Gradient Boosting Accuracy: 0.7832087406555491


- Adaptive Boosting

In [38]:
from sklearn.ensemble import AdaBoostClassifier
from sklearn.tree import DecisionTreeClassifier

# Model dasar (weak learner)
base_estimator = DecisionTreeClassifier(max_depth=1, random_state=42)

# Inisialisasi AdaBoost
ada_model = AdaBoostClassifier(estimator=base_estimator, n_estimators=100, learning_rate=0.5, random_state=42)
ada_model.fit(X_train, y_train)

# Prediksi dan evaluasi
ada_preds = ada_model.predict(X_test)
ada_acc = accuracy_score(y_test, ada_preds)

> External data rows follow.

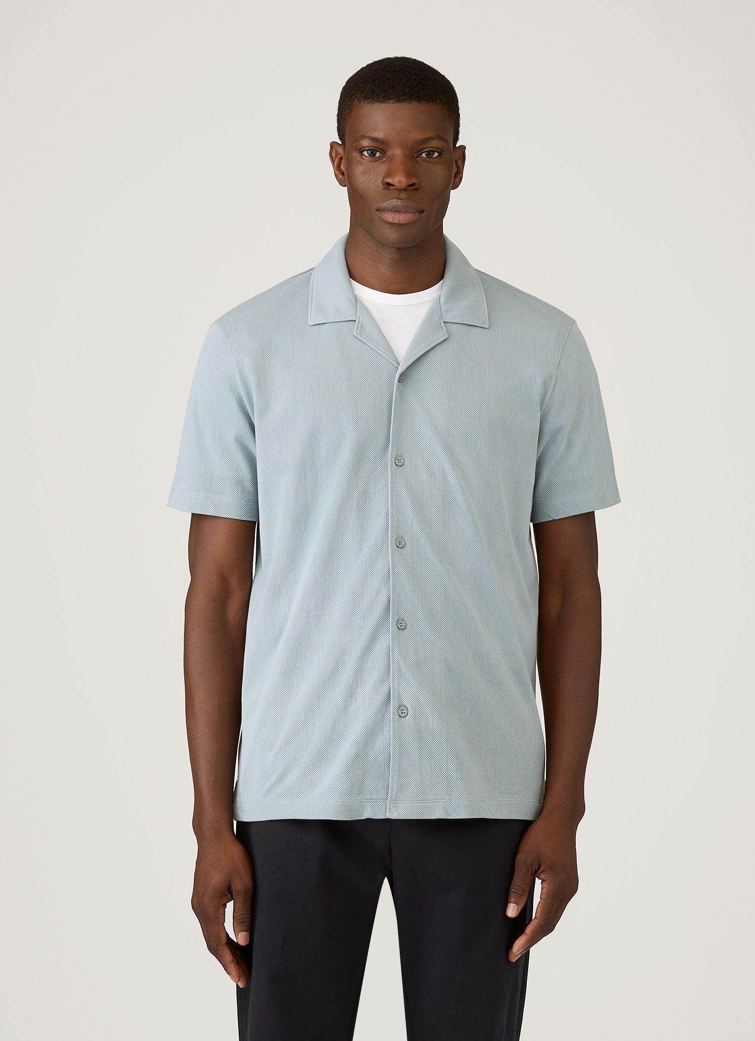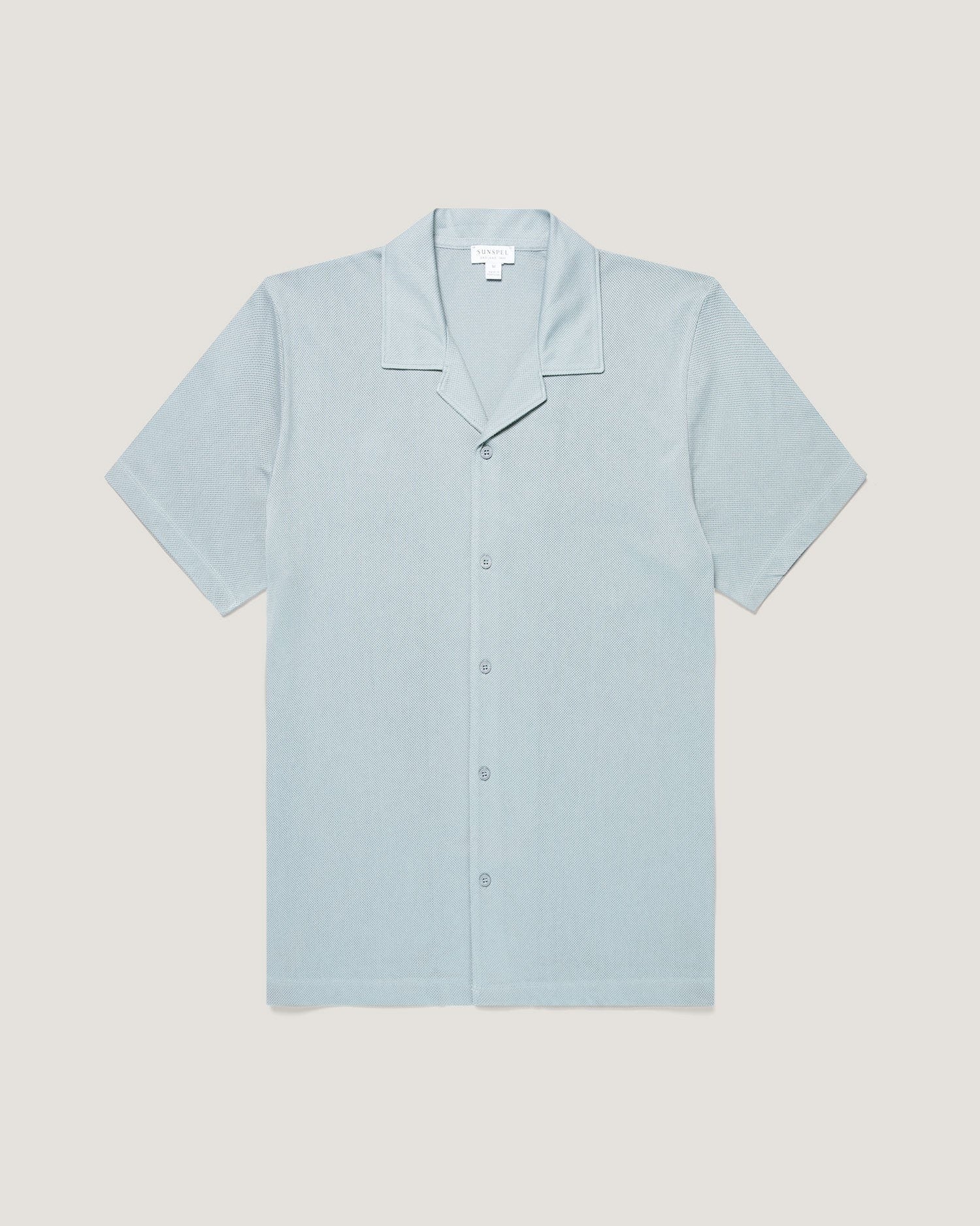 A camp collar version of the Riviera Polo Shirt which was made iconic by Daniel Craig in Casino Royale. The cool cotton mesh was designed for the heat of the French Riviera and is lightweight, breathable and very soft. Regular fit with matching buttons and a refined collar. The ultimate short-sleeve summer shirt.
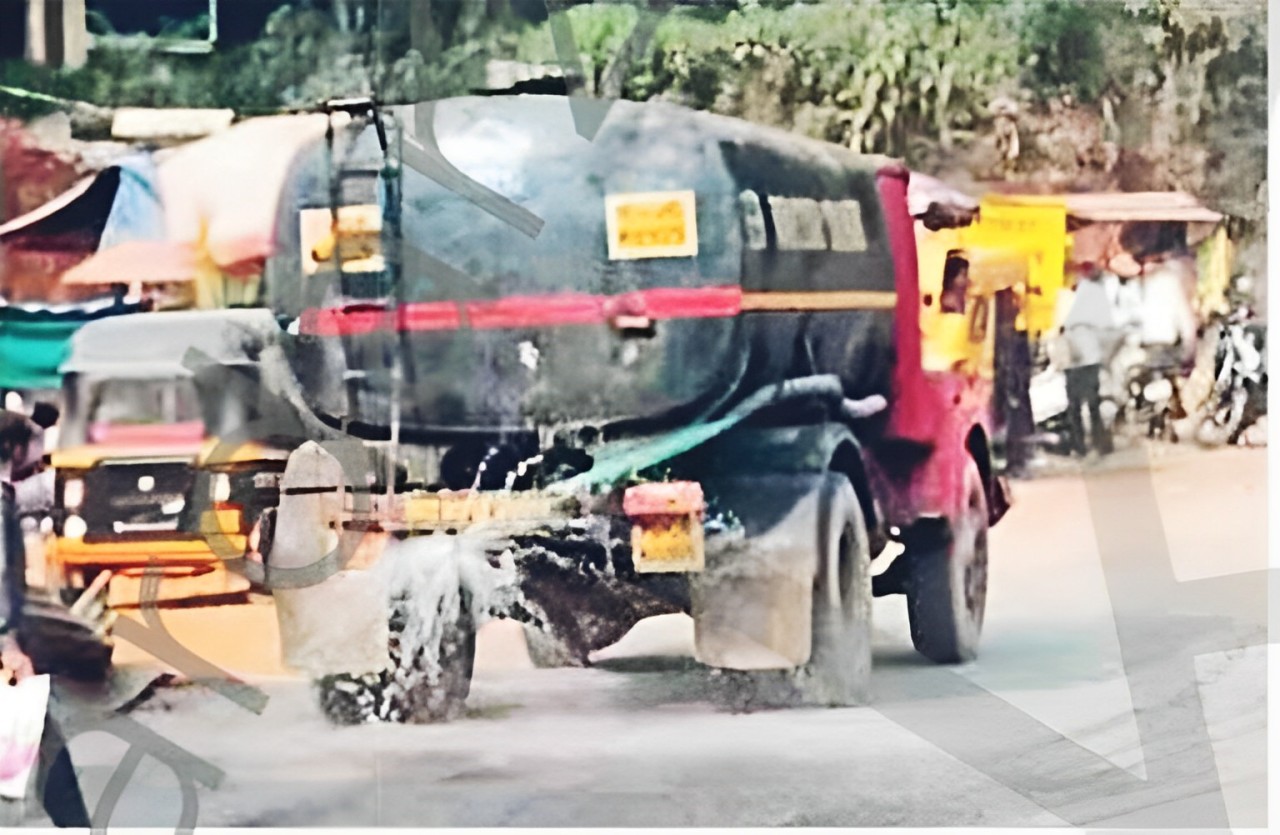 संगमेश्वर महामार्गावर टँकरद्वारे पाणी फवारणीचे काम सुरू आहे.
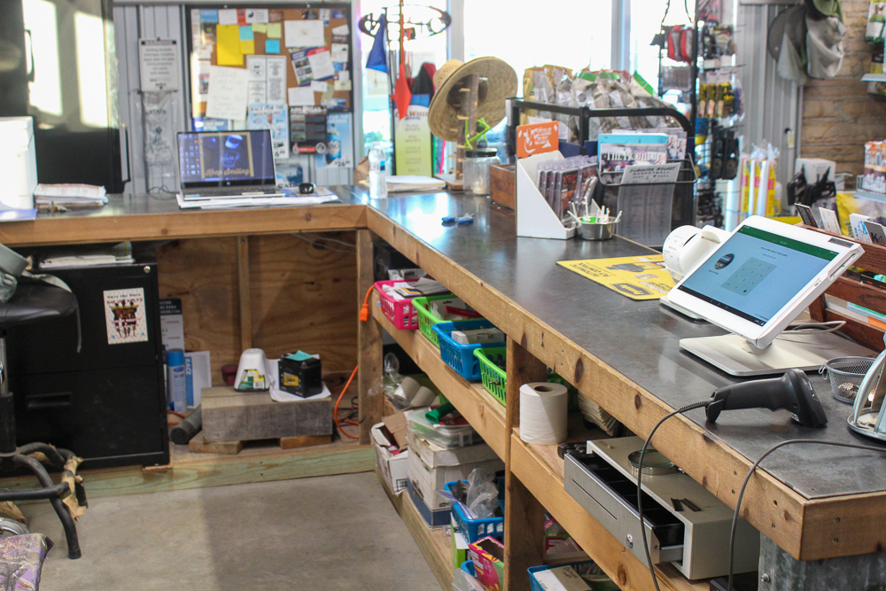 The L-shaped steel-topped counter supports the point of sale system along with plenty of workspace.

print("AdaBoost Accuracy:", ada_acc)



AdaBoost Accuracy: 0.7763082231167338


Which model is the best and why?

In [None]:
In this lab, we evaluated five ensemble models—Pasting, Bagging, Random Forest, AdaBoost, and Gradient Boosting—to predict the Transported variable from the Spaceship Titanic dataset. Among them, Gradient Boosting achieved the highest accuracy at 78.32%, thanks to its iterative approach that focuses on correcting previous errors. Although Random Forest (77.57%) and AdaBoost (77.63%) also delivered strong results, Gradient Boosting stood out as the most effective. For future classification tasks, we recommend using Gradient Boosting for the best accuracy, Random Forest for faster and more stable predictions, and AdaBoost as a lightweight alternative with solid performance.